**Input for this task:**
---------------

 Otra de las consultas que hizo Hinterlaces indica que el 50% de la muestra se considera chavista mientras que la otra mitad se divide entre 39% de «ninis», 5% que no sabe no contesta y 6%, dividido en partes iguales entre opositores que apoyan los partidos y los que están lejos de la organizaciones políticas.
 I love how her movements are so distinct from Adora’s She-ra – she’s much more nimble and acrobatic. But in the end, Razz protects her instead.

---------------

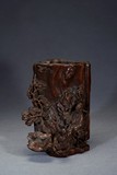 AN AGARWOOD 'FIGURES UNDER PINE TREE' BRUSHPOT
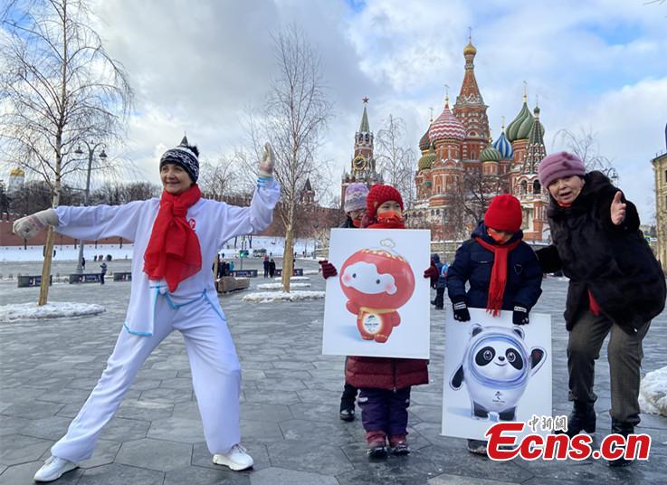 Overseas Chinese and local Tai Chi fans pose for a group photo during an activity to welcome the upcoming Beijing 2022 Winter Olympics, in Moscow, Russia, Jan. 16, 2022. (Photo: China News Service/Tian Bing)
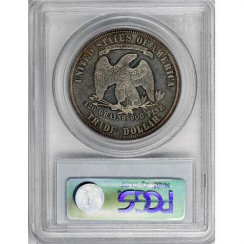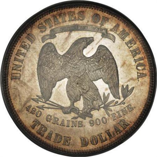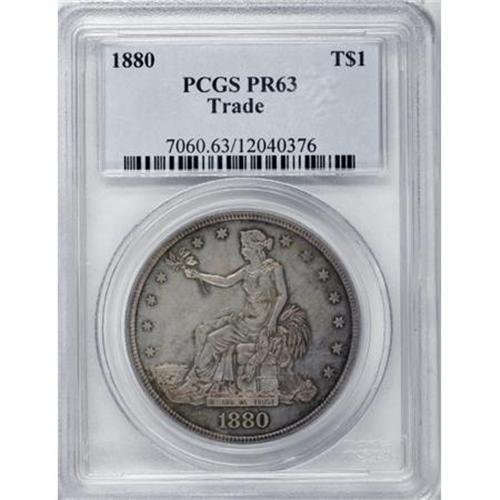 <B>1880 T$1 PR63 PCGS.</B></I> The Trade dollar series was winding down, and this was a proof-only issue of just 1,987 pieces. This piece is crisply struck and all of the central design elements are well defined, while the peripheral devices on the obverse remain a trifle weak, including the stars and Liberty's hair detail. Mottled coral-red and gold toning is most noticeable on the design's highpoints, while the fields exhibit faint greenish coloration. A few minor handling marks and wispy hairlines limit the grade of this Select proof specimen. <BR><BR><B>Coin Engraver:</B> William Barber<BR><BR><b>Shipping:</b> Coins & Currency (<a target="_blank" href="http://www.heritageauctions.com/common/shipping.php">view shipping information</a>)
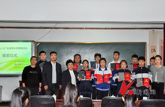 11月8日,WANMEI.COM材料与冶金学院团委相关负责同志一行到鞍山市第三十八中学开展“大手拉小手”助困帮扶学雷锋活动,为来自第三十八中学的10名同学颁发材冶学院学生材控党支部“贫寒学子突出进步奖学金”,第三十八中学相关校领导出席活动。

---------------

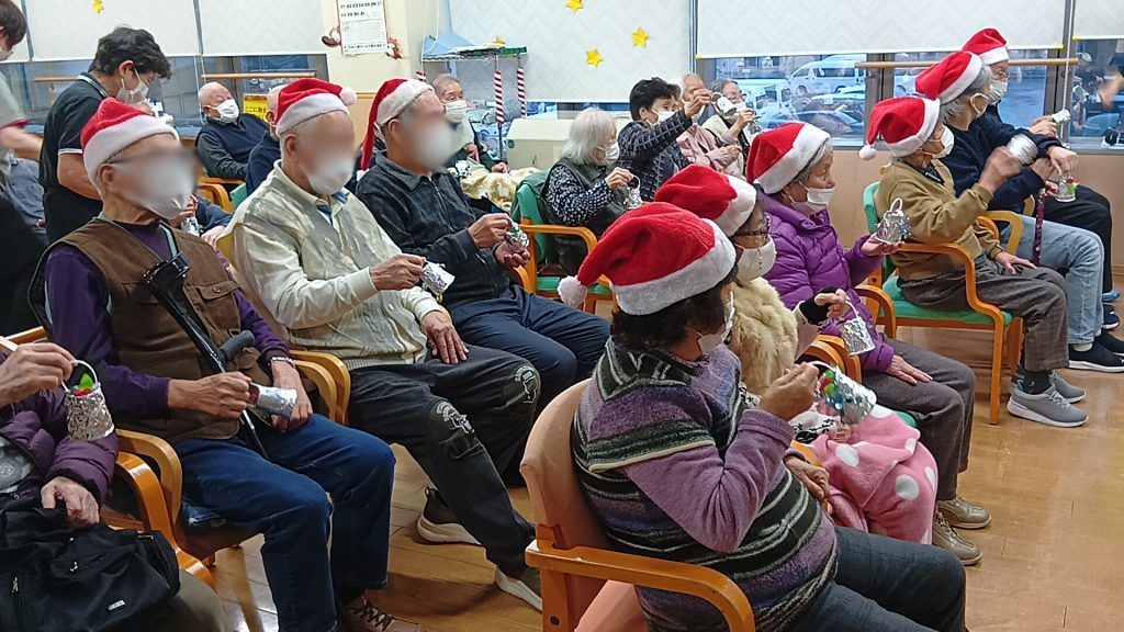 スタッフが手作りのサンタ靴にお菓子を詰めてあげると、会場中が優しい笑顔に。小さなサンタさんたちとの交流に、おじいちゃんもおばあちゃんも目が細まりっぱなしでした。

---------------

**Exercise description:** Print the lines above from the one with "Otra de las" through the one with "I love how her", both included, exactly as written and nothing more.

**Task solution:**
 Otra de las consultas que hizo Hinterlaces indica que el 50% de la muestra se considera chavista mientras que la otra mitad se divide entre 39% de «ninis», 5% que no sabe no contesta y 6%, dividido en partes iguales entre opositores que apoyan los partidos y los que están lejos de la organizaciones políticas.
 I love how her movements are so distinct from Adora’s She-ra – she’s much more nimble and acrobatic. But in the end, Razz protects her instead.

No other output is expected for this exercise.